Return the data word for word. Pictures are to be omitted.

### Data shown
=====

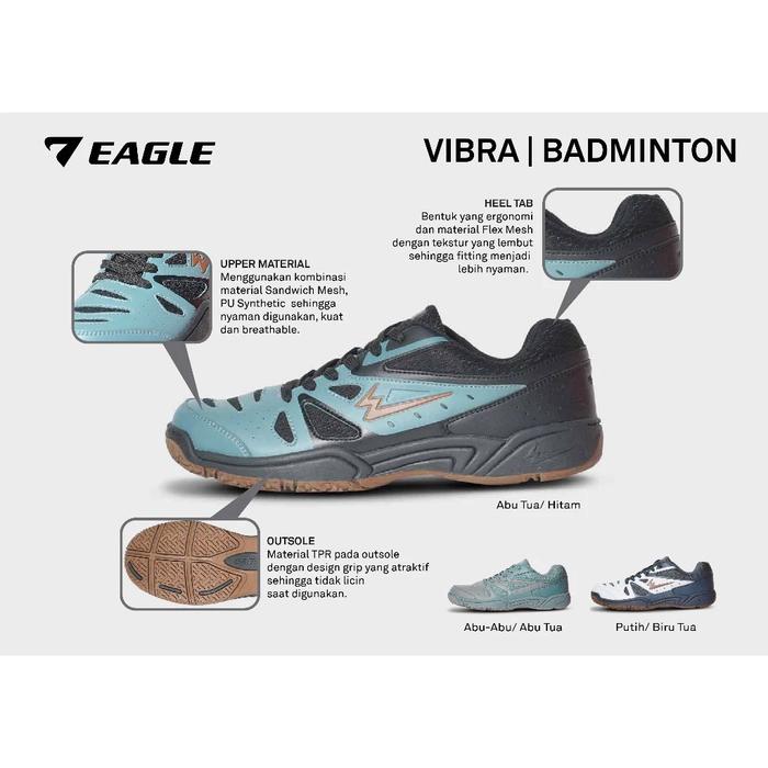 SEPATU BADMINTON EAGLE VIBRA ORIGINAL - SHOES BADMINTON VIBRA - ABU TUA/HITAM, 38
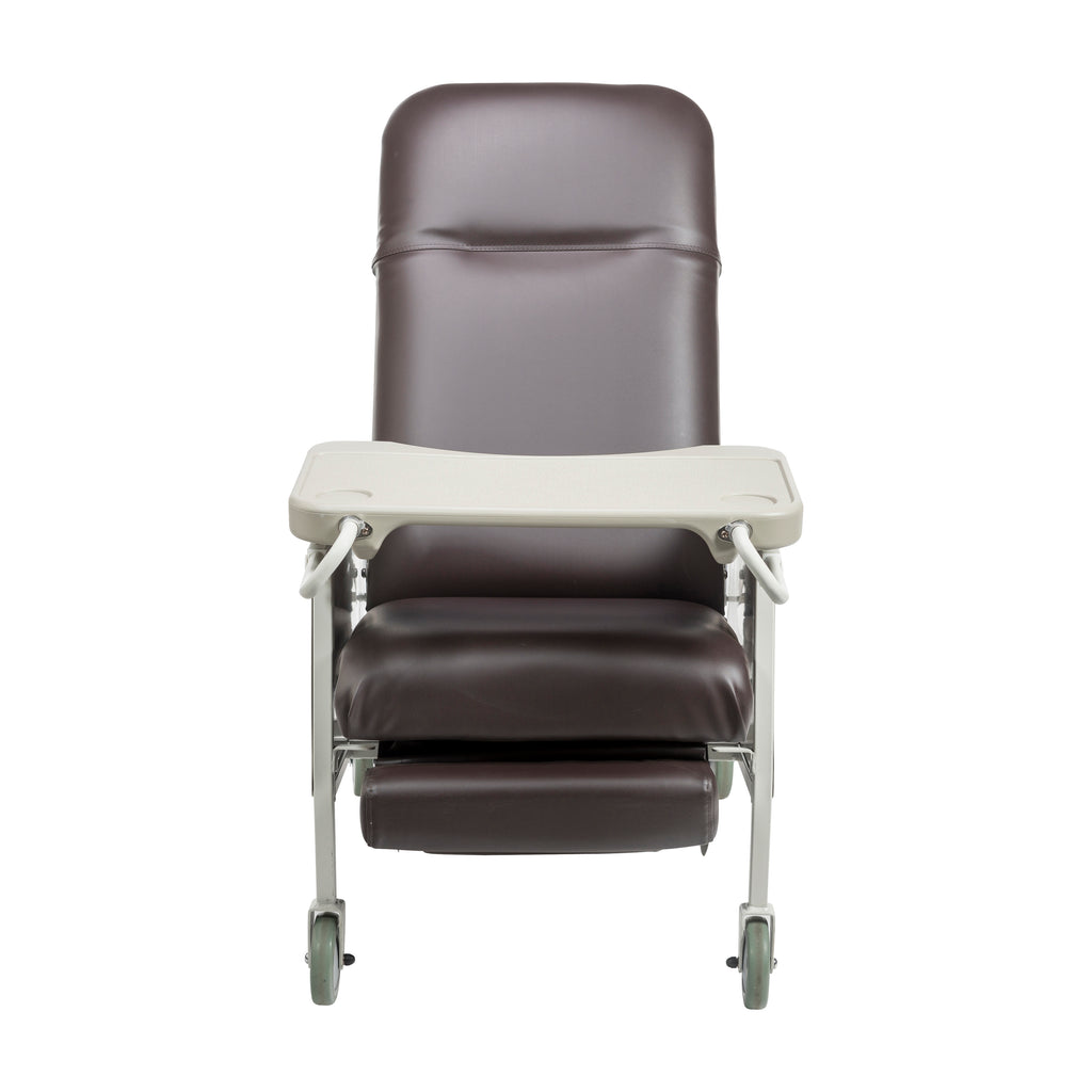 With three comfortable positions, retractable lock bar, self-adjusting suspension and a convenient tray, this 3-position Geri chair recliner by Drive Medical includes a bevy of features. It can be positioned upright, in a deep recline or with the leg rest/footrest elevated, and a retractable lock bar secures the chair in your desired position. The self-adjusting suspension prevents the problem of the user "bottoming out" in the seat, which is protected from seepage by a moisture barrier. The product includes a large, blow-molded tray that locks in 5 positions and can be stowed away on the side of the chair. The comfortable "built-in" headrest and wide, comfortable, padded arm rests were constructed at an angle to provide support, even in a reclined position. The 5" casters (2 complete with locks) allow for simple movement and security of the recliner. The neutral colored, sturdy steel frame is easy to clean and maintain, with side panels that pop off for cleaning and maintenance. All foam and vinyl meet California Flammability standards, and the product also meets both standard and Boston Fire Department specifications. Comes available in the following colors: blue ridge, jade and rosewood.
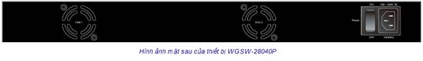 Phụ kiện kèm theo của WGSW-28040P gồm có: cáp nguồn, cáp kết nối cổng Console và sách hướng dẫn cài đặt. Ngoài ra sản phẩm đóng gói còn kèm theo hai giá đỡ rack-mount cùng với ốc vít để gắn vào 2 bên của switch, giúp cho switch có thể lắp vào rack tiêu chuẩn 19 inch. Bốn chân đế cao su để gắn vào bốn vùng lõm bên dưới switch quản lý, giúp cho thiết bị có thể được đặt trên một mặt phẳng nằm ngang.
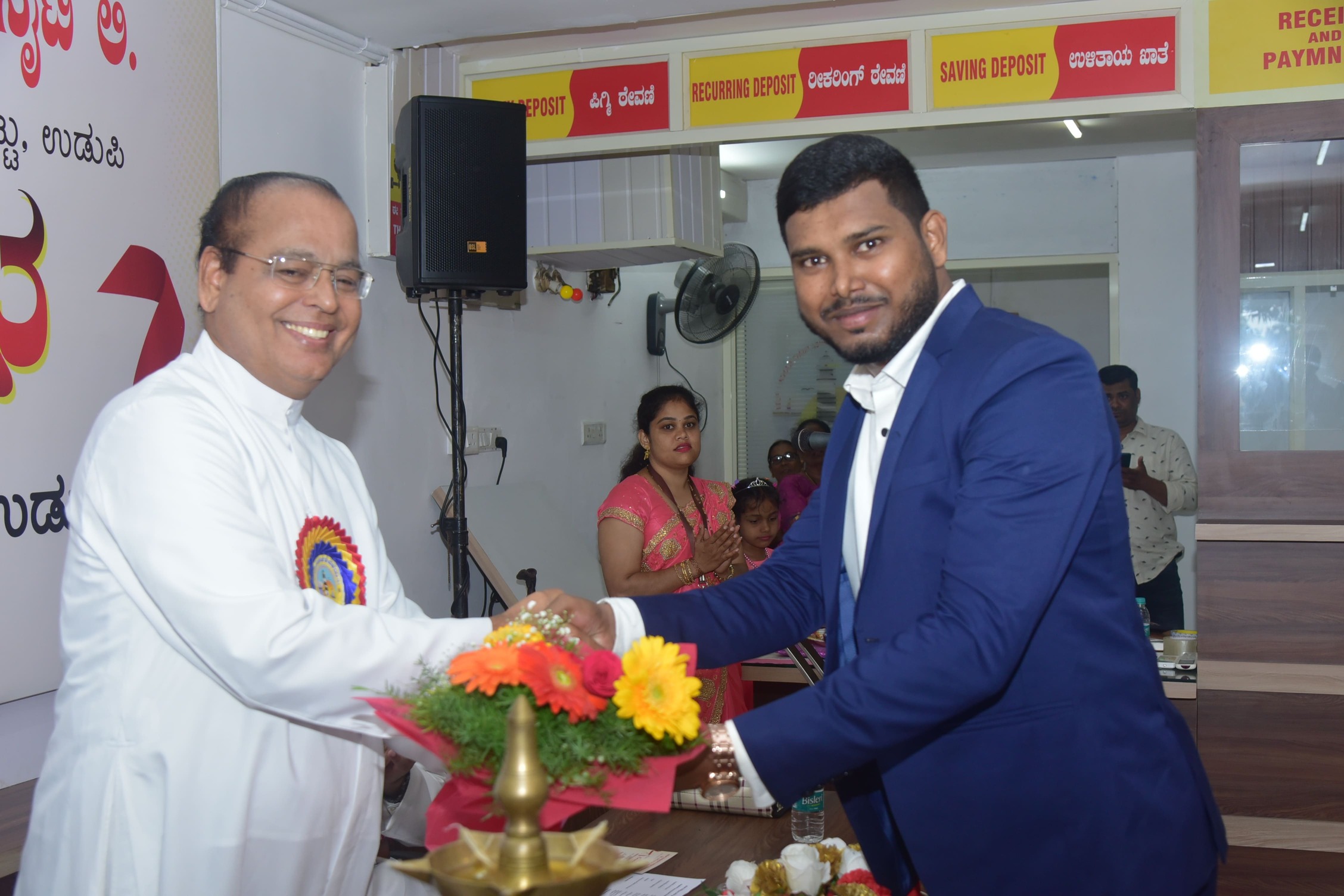 The Branch premises was blessed by Rev.Fr. Valerian Mendonsa, Parish priest of Milagres Cathedreal, Kallianpur. The presence of a vibrant personality of our charming honourable Speaker, Shri.U.T.Khader, as the inaugurator, added the required glitz and glamour to the occasion.The event also witnessed the presence of esteemed guests, who expressed their admiration for the initiative and extended their support towards its endeavours. Furthermore, the inaugural function provided an opportunity for community members to voice their thoughts and suggestions. Attendees praised the society's dedication towards social welfare and expressed their eagerness to actively participate and contribute towards its success.
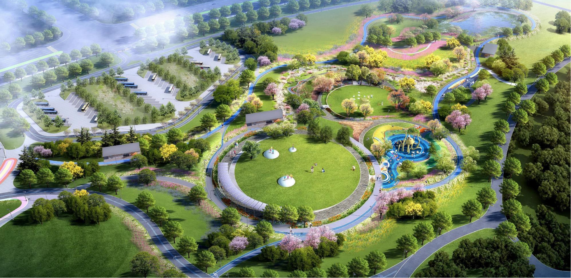 该项目设计以“一轴两翼”为构架。其中,一轴为水生态主题的中轴,包含生命探索园。左翼包含假日露营地、派对草坪.右翼以亲子体验为主,包含自然童趣园和运动冒险园。旨在打造绿色生态迎宾走廊和重点门户景观节点。
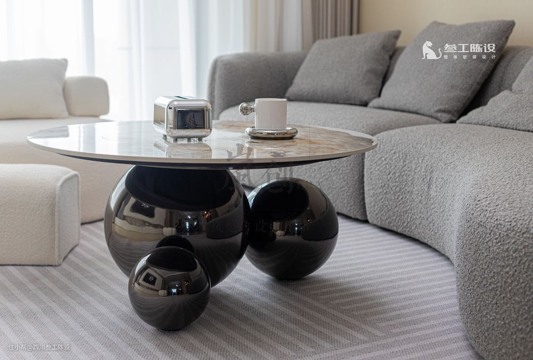 右边是南瓜造型的矮凳,几个沙发是围合式布局,中间的茶几由三个圆组成桌腿,桌面也是圆形,几个圆润的线条使茶几和空间愈发可爱温馨。
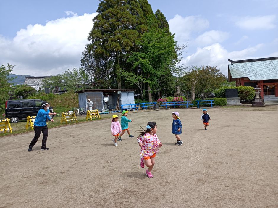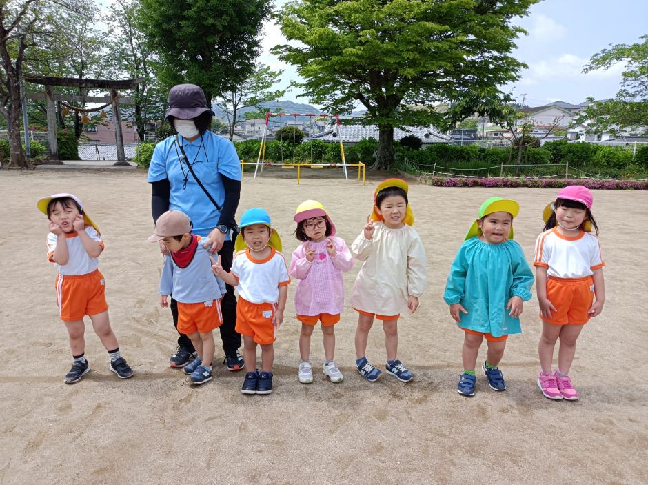 かぜグループさんはみんなで野地公園に行ってきました。公園に着くと、早速追いかけごっこが始まり誰がオニなのかはわからないけど、みんなで走るのが楽しくてずっと走っていた子どもたち。公園で遊具あそびをしたり、お花を探したりそれぞれ、公園遊びを十分に楽しむことが出来ました。
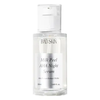ไนต์เซรั่มอีกหนึ่งยี่ห้อจากเกาหลีอย่าง BADSKIN Milk Peel AHA Night Serum ตัวช่วยในการผลัดเซลล์ผิวอย่างอ่อนโยนด้วยสารสกัดอย่าง AHA, BHA และ PHA มีส่วนช่วยในการขจัดเซลล์ผิวเสื่อมสภาพ ทำให้ผิวหน้าแลดูเรียบเนียนสม่ำเสมอ ให้ผิวดูกระจ่างใสตามธรรมชาติ นอกจากนี้ยังอุดมไปด้วยสารสกัดโปรตีนจากนม ที่ช่วยบำรุงผิวหน้า พร้อมเติมความชุ่มชื้นให้กับผิว
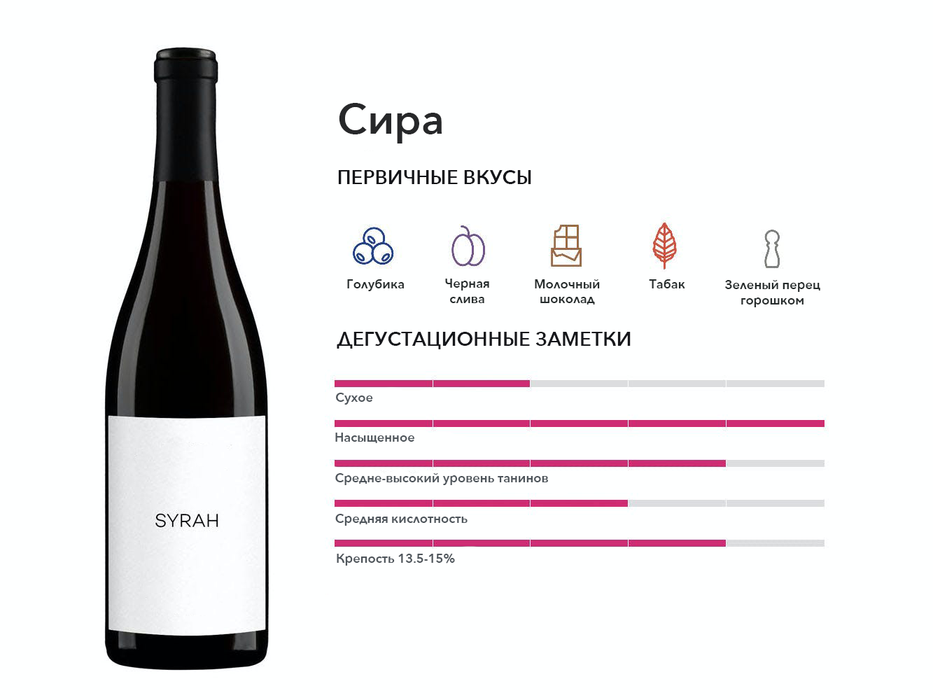 Насыщенное, мощное, а иногда и мясистое красное вино родом из долины Роны во Франции. Сира — самый выращиваемый сорт винограда в Австралии, где его называют Шираз.
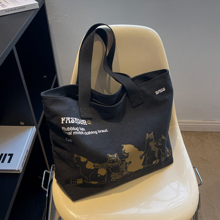 Cute Cartoon Cat Printed Canvas Bag Large Capacity Fashion Shopping Shoulder Bag Student Campus Handbag

=====

### Task solution
 SEPATU BADMINTON EAGLE VIBRA ORIGINAL - SHOES BADMINTON VIBRA - ABU TUA/HITAM, 38
 With three comfortable positions, retractable lock bar, self-adjusting suspension and a convenient tray, this 3-position Geri chair recliner by Drive Medical includes a bevy of features. It can be positioned upright, in a deep recline or with the leg rest/footrest elevated, and a retractable lock bar secures the chair in your desired position. The self-adjusting suspension prevents the problem of the user "bottoming out" in the seat, which is protected from seepage by a moisture barrier. The product includes a large, blow-molded tray that locks in 5 positions and can be stowed away on the side of the chair. The comfortable "built-in" headrest and wide, comfortable, padded arm rests were constructed at an angle to provide support, even in a reclined position. The 5" casters (2 complete with locks) allow for simple movement and security of the recliner. The neutral colored, sturdy steel frame is easy to clean and maintain, with side panels that pop off for cleaning and maintenance. All foam and vinyl meet California Flammability standards, and the product also meets both standard and Boston Fire Department specifications. Comes available in the following colors: blue ridge, jade and rosewood.
 Phụ kiện kèm theo của WGSW-28040P gồm có: cáp nguồn, cáp kết nối cổng Console và sách hướng dẫn cài đặt. Ngoài ra sản phẩm đóng gói còn kèm theo hai giá đỡ rack-mount cùng với ốc vít để gắn vào 2 bên của switch, giúp cho switch có thể lắp vào rack tiêu chuẩn 19 inch. Bốn chân đế cao su để gắn vào bốn vùng lõm bên dưới switch quản lý, giúp cho thiết bị có thể được đặt trên một mặt phẳng nằm ngang.
 The Branch premises was blessed by Rev.Fr. Valerian Mendonsa, Parish priest of Milagres Cathedreal, Kallianpur. The presence of a vibrant personality of our charming honourable Speaker, Shri.U.T.Khader, as the inaugurator, added the required glitz and glamour to the occasion.The event also witnessed the presence of esteemed guests, who expressed their admiration for the initiative and extended their support towards its endeavours. Furthermore, the inaugural function provided an opportunity for community members to voice their thoughts and suggestions. Attendees praised the society's dedication towards social welfare and expressed their eagerness to actively participate and contribute towards its success.
 该项目设计以“一轴两翼”为构架。其中,一轴为水生态主题的中轴,包含生命探索园。左翼包含假日露营地、派对草坪.右翼以亲子体验为主,包含自然童趣园和运动冒险园。旨在打造绿色生态迎宾走廊和重点门户景观节点。
 右边是南瓜造型的矮凳,几个沙发是围合式布局,中间的茶几由三个圆组成桌腿,桌面也是圆形,几个圆润的线条使茶几和空间愈发可爱温馨。
 かぜグループさんはみんなで野地公園に行ってきました。公園に着くと、早速追いかけごっこが始まり誰がオニなのかはわからないけど、みんなで走るのが楽しくてずっと走っていた子どもたち。公園で遊具あそびをしたり、お花を探したりそれぞれ、公園遊びを十分に楽しむことが出来ました。
ไนต์เซรั่มอีกหนึ่งยี่ห้อจากเกาหลีอย่าง BADSKIN Milk Peel AHA Night Serum ตัวช่วยในการผลัดเซลล์ผิวอย่างอ่อนโยนด้วยสารสกัดอย่าง AHA, BHA และ PHA มีส่วนช่วยในการขจัดเซลล์ผิวเสื่อมสภาพ ทำให้ผิวหน้าแลดูเรียบเนียนสม่ำเสมอ ให้ผิวดูกระจ่างใสตามธรรมชาติ นอกจากนี้ยังอุดมไปด้วยสารสกัดโปรตีนจากนม ที่ช่วยบำรุงผิวหน้า พร้อมเติมความชุ่มชื้นให้กับผิว
 Насыщенное, мощное, а иногда и мясистое красное вино родом из долины Роны во Франции. Сира — самый выращиваемый сорт винограда в Австралии, где его называют Шираз.
 Cute Cartoon Cat Printed Canvas Bag Large Capacity Fashion Shopping Shoulder Bag Student Campus Handbag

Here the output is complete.